Я всю жизнь провел в мытье посуды
И в сложении возвышенных стихов
Мудрость жизненная вся моя отсюда
Оттого и нрав мой тверд и несуров
[134] Чем тривиальней обступающий Поэта быт, тем ближе он подбирается к эмпиреям Власти, тем тесней становится их союз и тем незыблемей выглядит заслуженное почетное место Поэта во властной иерархии. Диалектику этого союза и вызванные им символические инверсии подробно разбирает Марк Липовецкий: «Приговский „государственный поэт“ — это высшая форма существования „маленького человека“. Голос „маленького человека“ с его косноязычием и примитивизмом, который постоянно слышится в сочинениях „государственного поэта“, буквализирует скрытую логику Власти и тем самым остраняет утопию абсолютной метафизической гармонии»[135].
Косноязычный персонаж приговского проекта артистично жалуется и сетует, что его любят меньше, чем Пушкина.
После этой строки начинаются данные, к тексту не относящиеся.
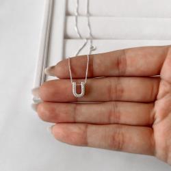 Colar letra U cravejada 9mm 45cm | Mya Prata

Только осознав свое нравственное превосходство над «солнцем русской поэзии», он наконец-то понимает, что сам Пушкиным и является.
Когда я размышляю о поэзии, как ей дальше быть
То понимаю, что мои современники должны меня больше,
чем Пушкина, любить.
<…>
А если они все-таки любят Пушкина больше, чем меня,
так это потому, что я добрый и честный: не поношу его,
не посягаю на его стихи, его славу, его честь
Да и как же я могу поносить все это, когда я тот самый
В проекте Пригова кульминационный момент отождествления Поэта с Властью, когда он достигает положения первого и единственного государственного поэта, парадоксальным образом есть также момент, когда Власть посрамлена и повержена, а ординарный человек обретает достоинство, свободу, независимость и экзистенциальную перспективу. Отсюда, наверное, и возникший у Пригова на рубеже 1980–1990-х годов повышенный интерес к феномену новой искренности, чуть позднее, в начале 2000-х, ставшему одним из самых спорных и обсуждаемых трендов современной русской поэзии[137].
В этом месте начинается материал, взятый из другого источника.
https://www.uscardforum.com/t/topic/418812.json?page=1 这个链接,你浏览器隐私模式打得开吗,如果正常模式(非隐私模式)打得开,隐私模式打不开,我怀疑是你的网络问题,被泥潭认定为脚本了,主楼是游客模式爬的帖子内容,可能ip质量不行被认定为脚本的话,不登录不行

С исчезновением иерархической советской системы ценностей изменяются также имиджевые стратегии в поэзии Пригова, дотоле привязанные к непримиримой оппозиции между тоталитарным государством и его перевернутым отражением, простым человеком, замыслившим превзойти это государство в показном величии и всемирно-историческом значении. Теперь Пригова занимают иные, горизонтальные и договорные отношения Поэта с Властью. Его проект оказался переориентированным в сторону изучения и критики того безличного катастрофичного сознания, что стало главенствовать после кризиса имперской идентичности и широкого распространения новых визуальных технологий. В советскую эпоху «настоящим героем» приговской поэзии был затертый до неразличимости, привычный штамп тоталитарной идеологии, обнажающий свои ложные и лживые конструкции. Он приватизируется поэтом и превращается в персональную героическую правду именно благодаря своей мертвенности и статичности. В постсоветскую эпоху этот устаревший, уже неадекватный новой действительности герой сменяется другим, более своевременным. В поэзии Пригова начинают активно действовать клише массмедиа, почерпнутые из телевизионных передач, радиовещания и, позднее, из интернетовских новостных ресурсов, буквально одурманивших человека 1990-х своими познавательными и коммуникативными возможностями. Как правило, клише эти — не более чем сухое сообщение о чудовищном и трагическом, но удаленном и поэтому неопасном событии. По причине «замыленности» сознания ежедневной новостной хроникой вся эта жуткая информация преобразуется в обыденный убаюкивающий фон. Пригов показывает разрушительное воздействие медиальной пропаганды, ставшей почти всесильной в постсоветское десятилетие, когда она промывает мозги уже не партийными агитками и официозными призывами, а конвейерными потоками все обесценивающей информации. По сути, Пригов проговаривает достаточно распространенные и привычные положения о том, что массмедиа зомбируют сознание, населяя его иллюзиями и симулякрами, но благодаря переводу этих устойчивых теоретических предпосылок в поэтическую форму происходит их существенная ревизия, и ответ на вопрос, кто кого зомбирует и оболванивает, оказывается внезапно проблематичным и не столь очевидным.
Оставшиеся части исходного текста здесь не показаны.